I knew her scars ran deep. Even if she let me into her life, it would probably take years before she believed that I was there to stay. But I wouldn’t mind. I’d make it my mission to convince her, every day, in little and big ways, that I loved her and would always be there for her.

“And I love that you’re independent, Briar.” I took a chance, reaching across the table to link my fingers through hers. “I love that you’re strong and can take care of yourself.” Not that I wouldn’t like to be the guy who earned the privilege of being there when she needed a strong shoulder to lean on. “And if we have a daughter, I hope we can raise her to be as self-reliant as you are.”

She shook her head, looking sad as she withdrew her hand from mine. “I don’t think I’d want that for her.” She reached for her mug, staring into it before she said, “Don’t get me wrong. I’m proud of what I’ve accomplished: academically, professionally, and financially. I’ve built strong friendships and love my family, but…”

I was hanging on her every word, hoping she was finally ready to reveal things to me she never had before.

“I’m lonely.” Her voice cracked and she cleared her throat. “I tried to convince myself I wasn’t, but the… emptiness… it hit me hard after you moved out.”
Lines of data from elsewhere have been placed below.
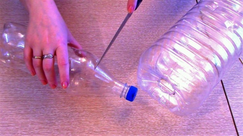 - Срезать горлышко у бутылки из пластика и соединить с канистрой в том месте, в котором планируется кран, затем обвести это место маркером.
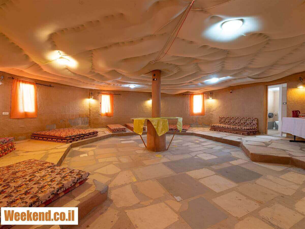 לינה בחאן העגול - חוויית לינה מיוחדת במינה בחאן אקולוגי עגול המתאים ללינת 20 איש על גבי מזרנים. החאן מבודד ומתאים לקבוצות מטיילים וג'יפאיים עם מקום פרטי למדורה, 2 חדרי שירותים ו-2 מקלחות, שולחן אוכל פרטי גדול, מקרר, פינת קפה ועוד. חוויה בדואית משודרגת!
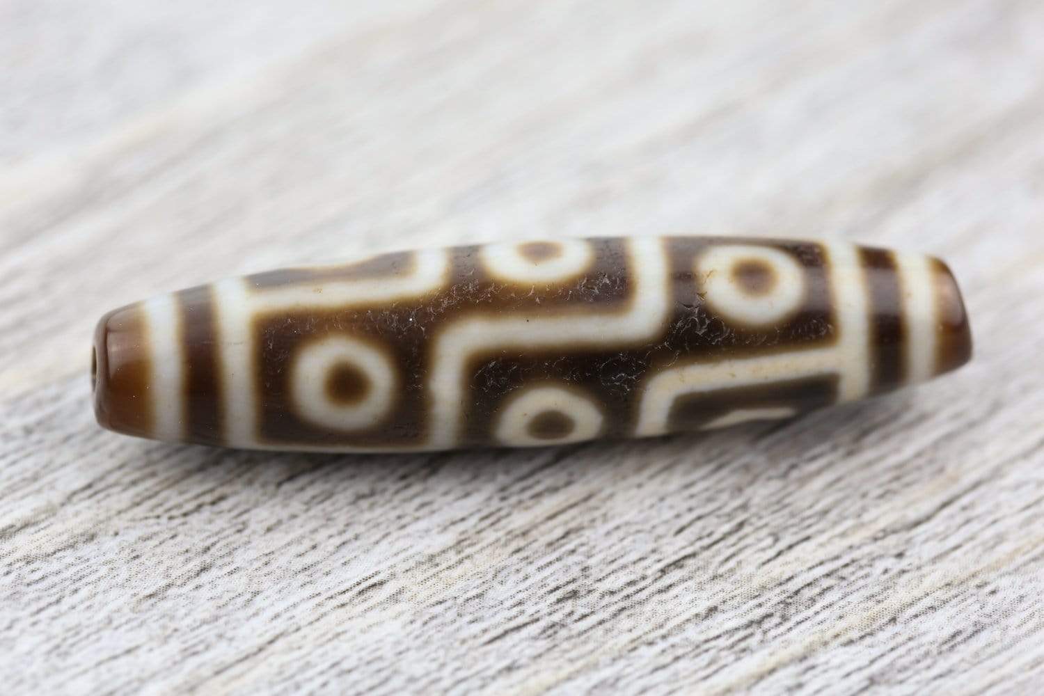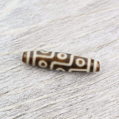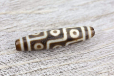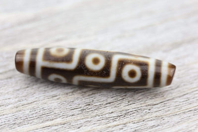 The 9-Eyed Dzi bead assists its owner in gathering wealth, achieving good health and success, as well as gaining power, compassion, and glory. It is a mystical bead that acts as a protector, expelling evil. 9-Eyed Dzi is one of the most sought after, believed to represent the nine planetary systems and its essence.

It was killing me not to haul her into my lap. I wanted to wrap my arms around her, bury my face in her neck and tell her how much I loved her. But I had to let her come to me this time. The chase had worn me out and as much as she meant to me, I was done chasing her.
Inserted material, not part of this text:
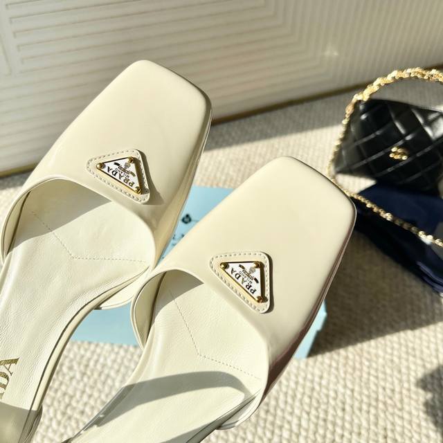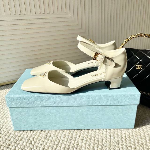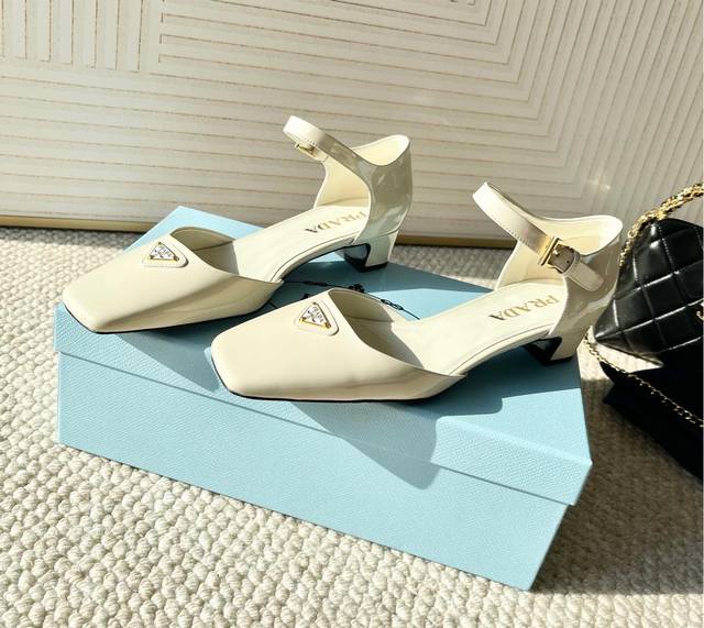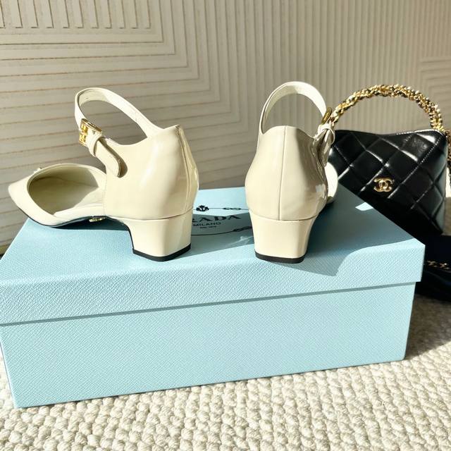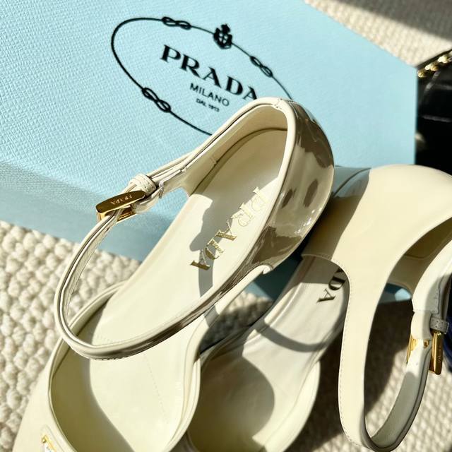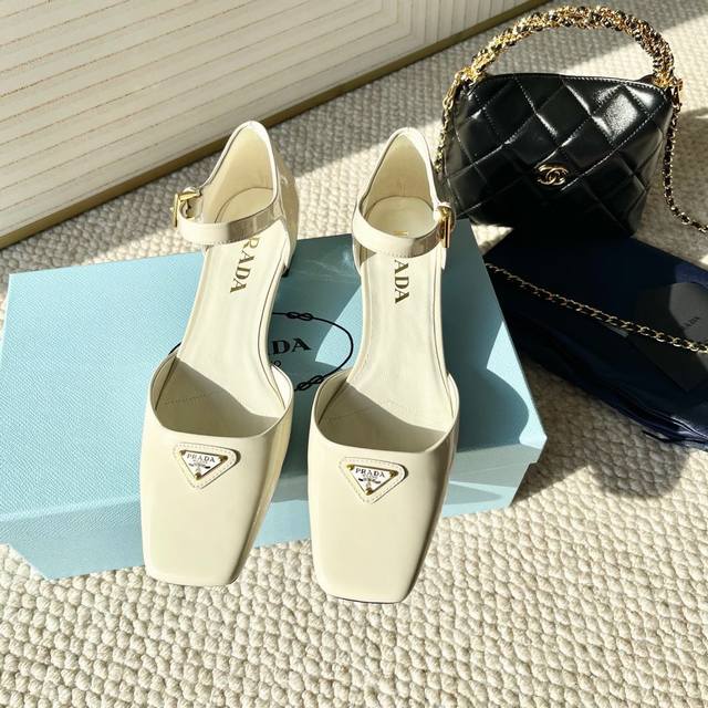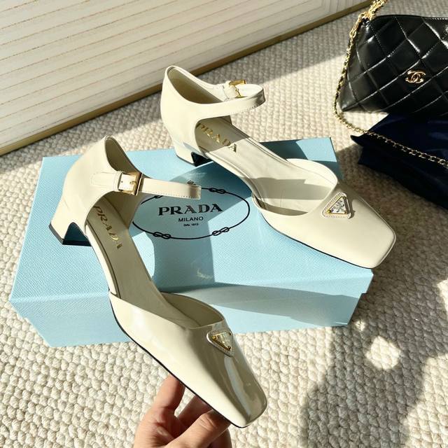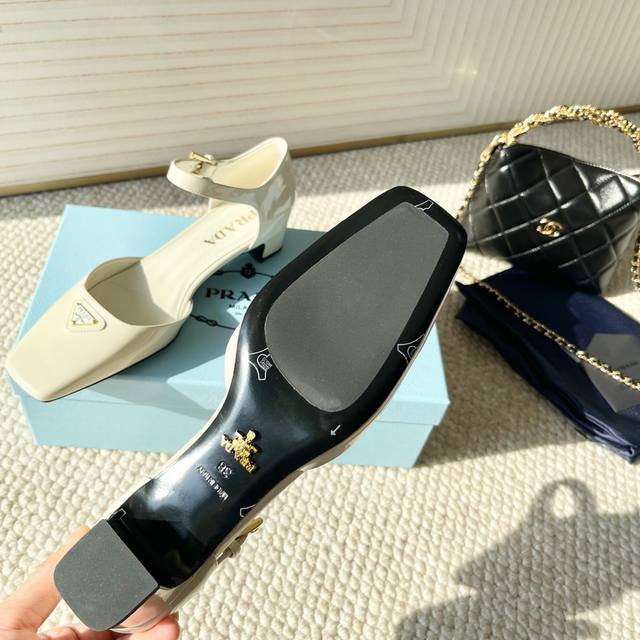代购版Prada普拉达25年新款 方头小矮跟单鞋 中空凉鞋鞋面:牛漆皮 开边珠牛皮黑大底:真皮底正码:35-39订做34.40.41

“So, um, that’s why when my brother called and let me have it, I did something I’d been afraid to do before: face my past. Try to figure out why I was the way I was and what I could do about it.” She stole a glance at me. “I knew I had to have a heart-to-heart with you when you got home, tell you what I was thinking and how I was feeling, but then I found out I was pregnant.” Her hand strayed to her flat stomach instinctively. “And I couldn’t wait to tell you.” A tear slid down her cheek. “I was scared spitless, still am, but I wanted to see the look on your face when I told you that you were going to be a daddy.”
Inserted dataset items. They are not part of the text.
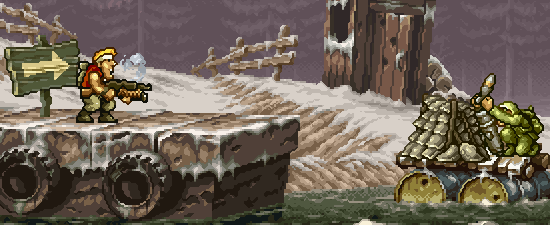 You can occasionally enter mechs called (spoiler warning) Metal Slugs that provide increased firepower and a health bar, along with powerful sub-attacks like missiles; you can also ride on a camel with a powerful cannon strapped to it and a few other strange mounts, adding more character to the game. Players can also be turned into mummies or become overweight from eating too much food (which adds to the life-giving high score), which slow the characters down but are curable with power-ups or time.
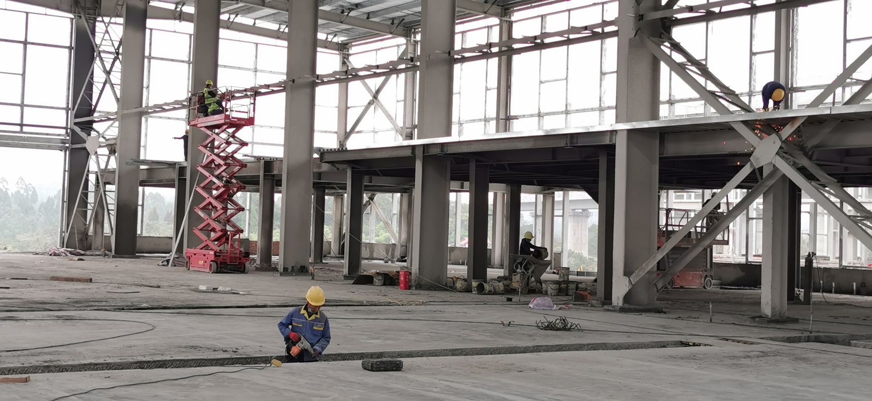 10月29日,内江高新区白马园区,乐鸿科技柔性芯片产业园项目现场,一栋栋主体建筑拔地而起,已基本完成主体框架建设。走进项目内部,近万平方米的厂房显得十分宽敞,纵横交错的钢制横梁、桁架下,工人正在操纵者紧张地开展内部装饰装修工作。
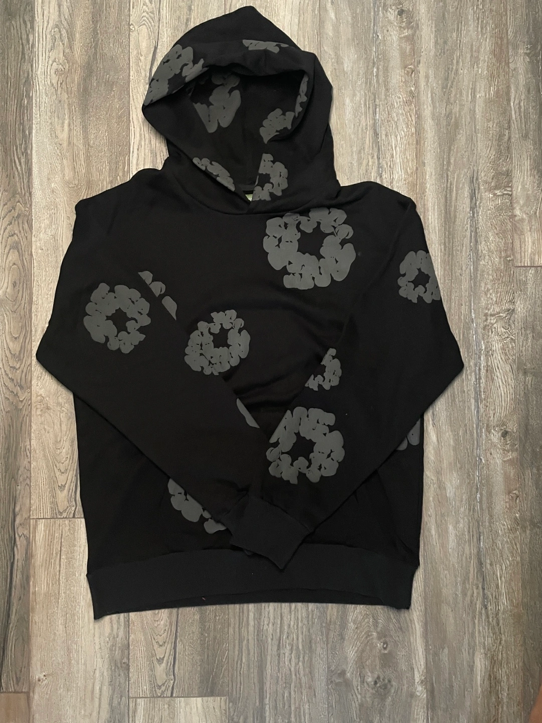 Cotton Wreath-print hoodie Highlights, black,cotton, all-over graphic print,classic hood, front pouch pocket,long sleeves also When purchasing this unisex item, keep in mind that it is graded in standard men's sizing.

I hoped I didn’t disappoint her because hearing those words fall from her sweet lips last night had been the highlight of my life so far, which was saying a lot, because there had already been a lot of peaks. The only other words that would sound as sweet were the three she still seemed reluctant to say.

I took her hand, kissing her knuckles as I looked into her eyes. “I was in shock last night, so in case I didn’t say it, know that I was thinking it. I couldn’t be happier thatyouare having my baby, Briar. Can’t imagine doing this with anyone else.”

She shuddered. “You know how many times, over the years, I imagined you getting some chick knocked up? Whenever my brother mentioned your name, I’d brace myself for the bad news— either you’d fallen in love, were getting married, having a baby with someone else…” She swallowed repeatedly before she said, “Just so you know, that would have wrecked me.”

It felt like I’d been waiting a lifetime, or at least half a lifetime for her to say these words to me. I’d fantasized about it during my years in the military. I didn’t know if I’d be returning in one piece or to my parents in a body bag, but I knew if I got a second chance at life, I wanted a second chance with Briar too. But every time I tried to deepen our relationship, to make it about more than just the sex, she bolted. Leaving me angry and frustrated, until the next time I tried to resist her and couldn’t.

“I feel the same way,” I said when I realized I’d been lost in my thoughts. “I’d ask your brother about you, if I hadn’t seen you in a couple of months and I was always afraid he’d tell me that you had a boyfriend and it was getting serious. I thought you’d eventually meet someone you were willing to take a chance on.”

“I did.” Our eyes locked before she said, “I did meet someone I’m willing to take a chance on, Rhett. You.”